“Plank” is one of the most popular and most effective exercises around the world. She makes us work, not only on the stomach, but also on the muscles of the whole body. Always give it 5 minutes a day and you will be surprised by the results.
The essence of the exercise is to “float” above the floor for several minutes at least once a day, relying only on the hands and feet. Undoubtedly, being placed in such a position for even 2 minutes – is not an easy task. At that point, a large number of muscles activate. But, as a result of this exercise you will have a strong back, tight buttocks with no cellulite, sculptural legs, flat stomach and beautiful hands.
“Plank” is a static exercise. There isn’t any movement, so it is important to keep the body properly.
Lie on the floor with your belly down. Bend your elbows at 90 degrees and place yourself in a lying position on the elbows. The body should form a straight line from head to toe. Rely only on the forearms and the fingertips on your feet. The elbows are directly under your shoulders. Keep your body as straight as possible, strain the abdominal muscles and do not relax. Try not to drop your hips toward the floor.
Feet. Assemble them. It will be more difficult to keep the balance which will increase the pressure on the abdominal muscles.
Legs.
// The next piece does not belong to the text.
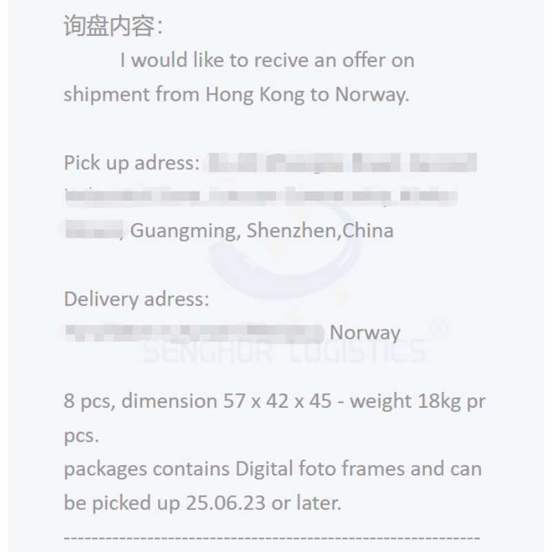 When you choose Senghor Logistics for your international air cargo from China to Norway shipping needs, you can expect the following: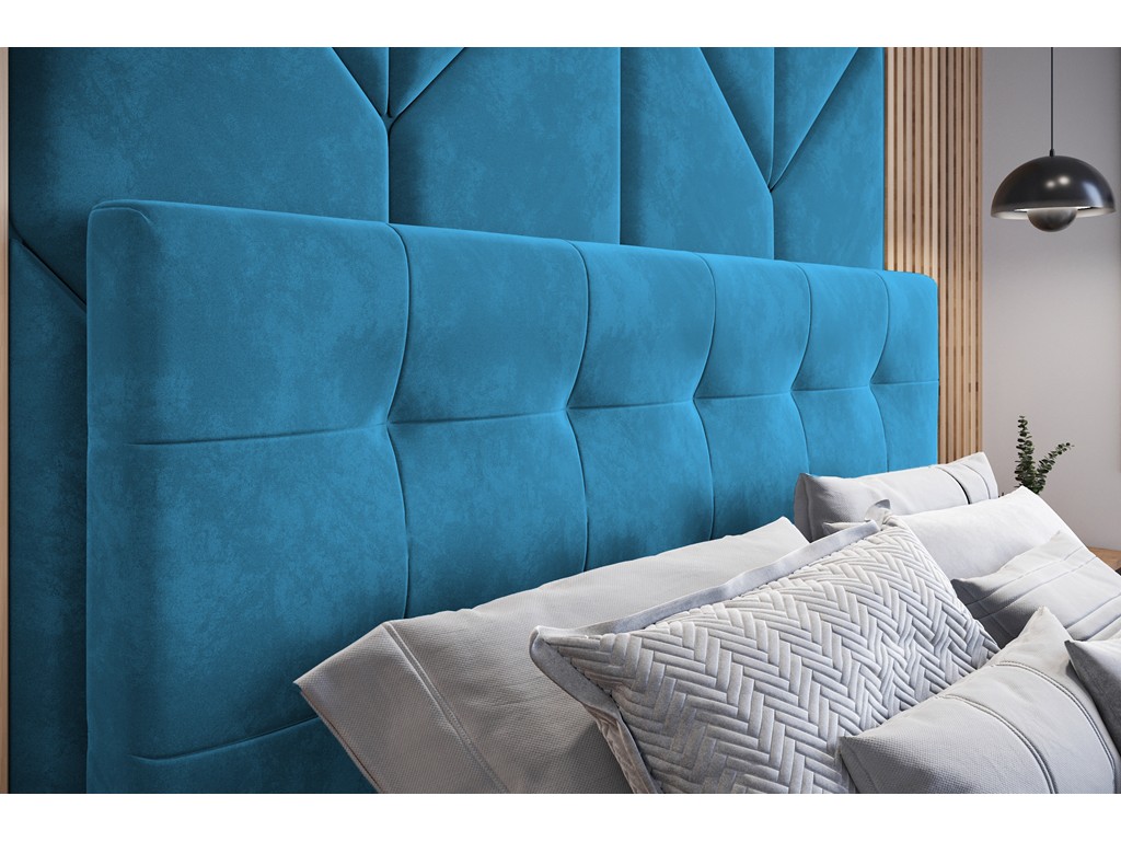 Łóżko tapicerowane Timo w rozmiarze 140 cm w tkaninie Kronos 13 w odcieniu lazurowym to elegancka propozycja do sypialni, która łączy styl i komfort. Pojemnik pod stelażem umożliwia praktyczne przechowywanie pościeli, a miły w dotyku, welwetowy materiał dodaje wnętrzu przytulnosci.

They should be straight and tight, otherwise, the pressure in the right abdominal muscle, holding the lumbar spine, will also be reduced.
Buttocks. Stretch and do not relax until the end of the exercise, as this increases the activation of all muscles of the lower torso.
Back. The most important moment. When properly performing the exercises, your lower back should be flat. This means that you should not be rounded or dented. Imagine that your back is firmly clung to the wall.
Belly. Bring it in, and in such a situation, try to bring it in even below the ribs. During the exercise, keep the belly in such a position, but do not hold your breath.
Elbows. To avoid unnecessary load on the shoulders, put your elbows directly below the shoulder joints.
Stay in this position for as long as you can. To begin with, 10 seconds are enough.
As a rule, people with different physical readiness maintain this posture for 10 seconds to 2 minutes. After a break of 2 minutes, repeat the exercise. 5 repetitions will be enough. If you are a beginner, do not try to break the record, start slowly.
It is very important to do this exercise every day, preferably at the same time.
Tight buttocks. The exercise is focused on gluteal muscle and hamstring legs. That way you will not only get the desired shape of the buttocks, but you will also get rid of the cellulite.
Strong back. During the exercise the muscles of the lower back, shoulders and neck are active. So, this exercise can serve as prevention of osteochondrosis in the neck and spine. In addition, it relieves the pain in the shoulders and between the shoulder blades, which occurs as a result of carrying heavy bags or sitting at a desk for a long period of time.
Tight attractive legs. The main burden of the exercise falls on the feet. In doing so, all the leg muscles – from the hip to the calves are included. There is no room for concern if you feel a burning sensation in the muscles – it is a sign that the muscles work.
Tight hands. It is obvious that along with the legs, there is also intensive training on the hands with this exercise. They hold half the body weight.
A flat belly. When the whole body is tense, it automatically triggers the abdominal muscles, the bottom ones, as well as the side ones.
CHALLENGE – Plank Exercise – In 28 days – a new look of your body
Track and follow this plan, and in 28 days you will create a new look to your body.
Day 1 – 20 seconds
Day 2 – 20 seconds
Day 3 – 30 seconds
Day 4 – 30 seconds
Day 5 – 40 seconds
Day 6 – break – break with muscles
Day 7 – 45 seconds
Day 8 – 45 seconds
Day 9 – 60 seconds
Day 10 – 60 seconds
Day 11 – 60 seconds
Day 12 – 90 seconds
Day 13 – break for the muscles
Day 14 – 90 seconds
Day 15 – 90 seconds
Day 16 to 120 seconds
Day 17 to 120 seconds
Day 18 to 150 seconds
Day 19 – break for the muscles
Day 20 to 150 seconds
Day 21 to 150 seconds
Day 22 to 180 seconds
Day 23 to 180 seconds
Day 24 to 210 seconds
Day 25 – break for the muscles
Day 26 to 210 seconds
Day 27 to 240 seconds
Day 28 – At least 10 minutes or as long as you can do it
And here you have a video that perfectly illustrates how to properly do the Plank exercise.
The health benefits of Plank exercise
Regular exercise of Plank will lead to a stable and balanced position of the body, also the abdominal muscles are vital for the position of the neck, back, chest and shoulders.
During Plank, your calves of the bone and shoulder extend and stretch, on the bone and shoulders, as well as the arches, toes, and loggia. Side Plank will also engage the oblique muscles, and stretch the fingers. It will also help to support the body weight easier.
Improving upon doing other exercises
Plank will improve the balance of the body, as well as a general ability in all types of exercise.
Reduced risk of injury to the back and spine
Plank will significantly strengthen the muscles, without applying great pressure on the hips and spine. In this way, it will also reduce pain and support the entire back.